It has been shown that not all three supply lines to the motor windings necessarily need to be controlled. According to one embodiment of the invention, only two phases are controlled in accordance with this.

The measures proposed according to the invention cause an exceptionally quiet operation of the thus regulated or controlled engines.

Further details, advantages and distinctive features of the invention appear both from the patent claims and from the subsequent detailed description of a number of design examples with reference to the drawings, where fig. 1 shows a coupling device according to an older proposal, fig. 2 shows a block diagram for a star-connected three-phase motor, where a controlled diode element is arranged in all three phases, fig. 3 shows a block diagram corresponding to fig. 2, where controlled diode elements are arranged only in two phases, fig. 4 shows a block core corresponding to fig. 2 for a pump motor driven in delta connection, fig. 5 shows a block core corresponding to fig. 3 for a pump motor driven in delta connection, fig. 6 shows a block diagram of the control circuit, fig. 7 shows a pulse plan, fig. 8 shows a schematic representation of the timing of the control pulses for an exemplary embodiment according to fig. 2 or 4, fig. 9 shows a representation corresponding to fig. 8, for an embodiment according to fig. 3 or 5, fig. 10 shows a connection detail of the gate and connection circuit, fig. 11 shows a block connection core of another embodiment of a device for controlling the rotational speed of an asynchronous motor, fig. 12 shows details of the one in fig. 11 shown device, fig. 13 shows a diagram of the phase progression with asymmetric phase section in two phases, fig. 14 shows a further diagram of the phase progression when choke coils are connected according to the one in fig. 12 and 13 shown device, and fig. 15 shows a diagram of the progress of a single phase in a control process depending on the voltage level of the speed control device.

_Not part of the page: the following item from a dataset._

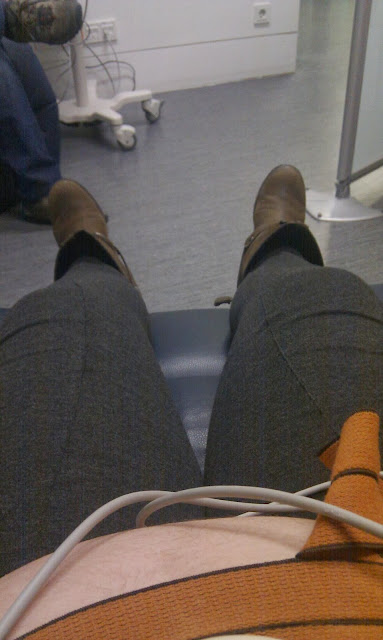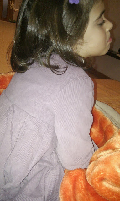 A M. passou a noite com dores de cabeça mas adormecia logo depois de acordar para se queixar. De manhã tinha febre, não comia e estava apática. Não foi à escola, óbvio, e teve sorte de ter cá a avó que ficou com ela enquanto eu fui ao "comando na mão carrega no botão", (isto agora é todas as semanas). Quando cheguei do Hospital apercebi-me que comer nem pensar e a febre subiu, subiu... vai de ben-u-ron ; depois chega o meu irmão (que fez anos...parabéns para ti mano lindo) e o meu pai... e foram buscar o jantar e trouxeram a sobremesa ( que eu de manhã não fiz nada e depois de almoço fui para o Hospital e quando vim quase nem andava); jantámos e a M. até comeu bem (quer dizer qualquer coisa) e cantou os Parabéns e ofereceu um desenho... blá blá...

Fig. 1 shows a coupling device of the type indicated at the outset according to the German patent application P 32 10 082. Here a signal representing the motor's power consumption is received from one of the phase lines

(T) taken from a choke coil 10 designed as a transformer and supplied to a current measuring circuit which forms part of the control connection ST. As a signal generator, the control circuit contains an integrated circuit (IC) L2 whose output signals are galvanically isolated and transmitted via optocouplers to the power section L. In the example shown, the output of the power section L is formed by two triacs 13 arranged between the motor's M phase lines.

It appears that the motor current changed with the help of the triacs goes into the current measuring circuit as a feedback quantity, so that a complete regulation loop is created which can be adjusted with the help of potentiometers. According to this older example, a phase average control takes place in dependence on the power consumption or on another control variable, e.g. the temperature of a heating circuit.

In fig. 2 - 4, a motor 1 fed with three-phase current for a pump 2 is indicated by means of its windings which are connected to the phase supply lines R, S,

T.

Because of their robustness and their simple construction, short-circuit motors are preferably used as pump motors, in particular slotted tube rotors (encapsulated rotor) or also short-circuit rotors. Such motors are therefore often also provided with auxiliary windings which serve to allow a pump to work in more than one power stage. The lagging or sagging present with these engines is included in the purchase.

It is now known to connect controlled diode elements, e.g. the triacs, in the mains supply lines of the motor windings when the windings are arranged in a delta connection, or to insert such controlled diode elements between the windings and the star point in a star connection. The control of these diode elements takes place by means of a reference value, and then preferably the power consumption or input power of the motor windings. Various coupling devices are known for this purpose.

With the help of the controlled diode elements connected to the wires, an area dependent on the reference value of the voltage produced as a sine curve of each phase is cut off, i.e. the motors are operated with so-called phase section control. However, this is actually a real regulation as the pump speed is adjusted to the respective power requirement. In the following, however, the common term "management" is used in this area.

The speed or speed control according to the invention can be operated using arbitrarily derived reference values which say something about the pump's power requirement. At those in fig. 2-5 shows, a very simple instrument is used to derive a reference quantity. Here, a pressure difference meter 4 is connected parallel to the pump in the pump line 3, whose outlet via a reed connector emits a signal to a digital or analogue signal generator 5. The pressure difference meter's limit values are adjustable.

According to the invention, the output signal from the control voltage-producing coupling circuit 5 is supplied to a control coupling 6 which contains timing units and pulse shapers and which will be described in more detail below.

A control connection 6 is connected to a gate and connection circuit 7 which controls or triggers the triacs 8, 9 and 10 via control lines 11, 12 and 13. An embodiment of this gate and connection circuit 7 is described in more detail below. A star point connection line 14 is connected to the gate and connection circuit and to the control connection. The output lines from the control connections are denoted by 15, 16 and 17 and each of these is assigned to one of the controlled diode elements 8-10.

In the design example according to fig. 2 is

each of the three motor windings is assigned such a controlled diode element.

The design example according to fig. 3 answers

in principle to the example according to fig. 2. Here, however, such controlled diode elements 18 and 19 are assigned to only two motor windings, while the third winding is connected non-controlled to the star point. The control lines of the controlled diode elements are denoted by 20 and 21.

The design examples according to fig. 4 and 5 show the application of the invention to a delta connection of the motor windings. Here, in the design example according to fig. 4 in each of the phase lines R, S, T placed a controlled diode element 35.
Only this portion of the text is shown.